Nurse Mindy-Mandy stared off into space. "I can't believe it's been twenty-five years."

Twenty-five years. Brisling's heart rate monitor chimed once, a warning. "What's been twenty-five years?"

"Oh, sorry. College. My twenty-fifth reunion was in June. I got a bunch of emails, but I didn't go. I mean, who goes to college reunions?"

"Did you go to college here in Georgia?"

"Do I sound like I'm from Georgia? No, I went to a small liberal arts school in Oregon."

The monitor chimed again.

Brisling nodded at the folder still in Nurse Mindy-Mandy's hand. "Did she live in Oregon too?"

"Yeah. I remember my roommate's boyfriend whining about his mom blowing his inheritance on medical bills. Apparently, her third husband was in the hospital waiting for a heart transplant."

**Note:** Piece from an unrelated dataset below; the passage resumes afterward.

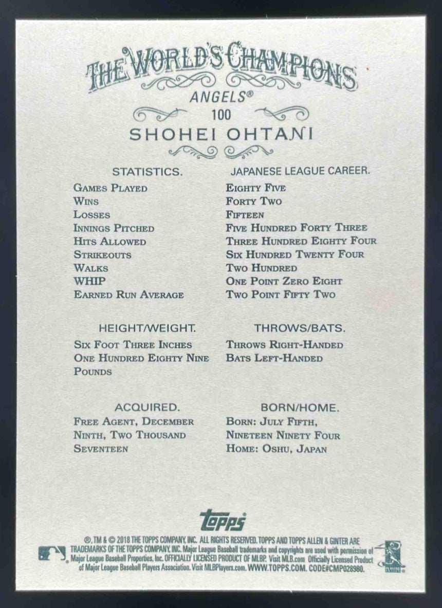 2018 Topps Allen & Ginter #100 Shohei Ohtani RC

"Which hospital?" The telemetry monitor chimed repeatedly now, heart rate in the red. Nurse Mindy-Mandy hurried to Brisling's side with a small syringe in her hand.

"I said lie back down!"

He had not realized he was sitting.

"It's time for your beta-blocker."

Brisling lay back against the pillows. "Which hospital?"

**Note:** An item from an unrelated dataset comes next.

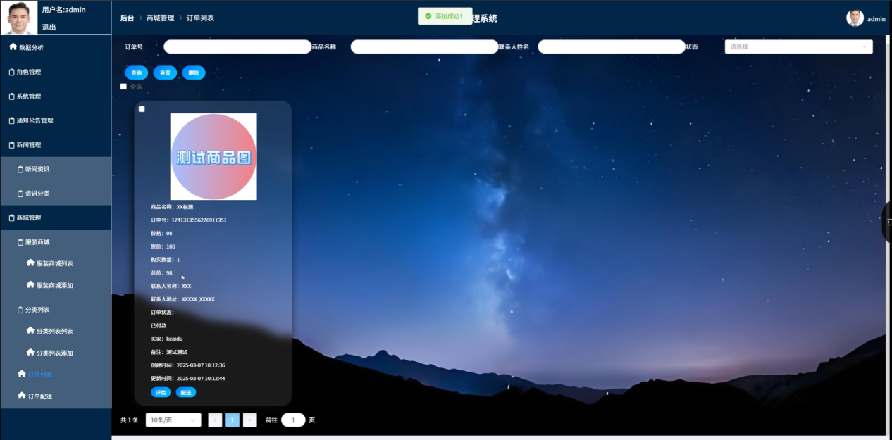 | 点击添加订单配送,必填项合法输入,点击保存 | 提示添加成功 | 与预期结果一致 |

She attached the syringe to the IV port. "Wherever they were doing transplants back then. University Hospital in Portland, I think."

She pushed the medicine into his veins. A coppery taste flashed in his mouth, and with it, a little twinge, a spark, a kindling fear. And in that moment, he knew. He knew exactly where JCAV had been released.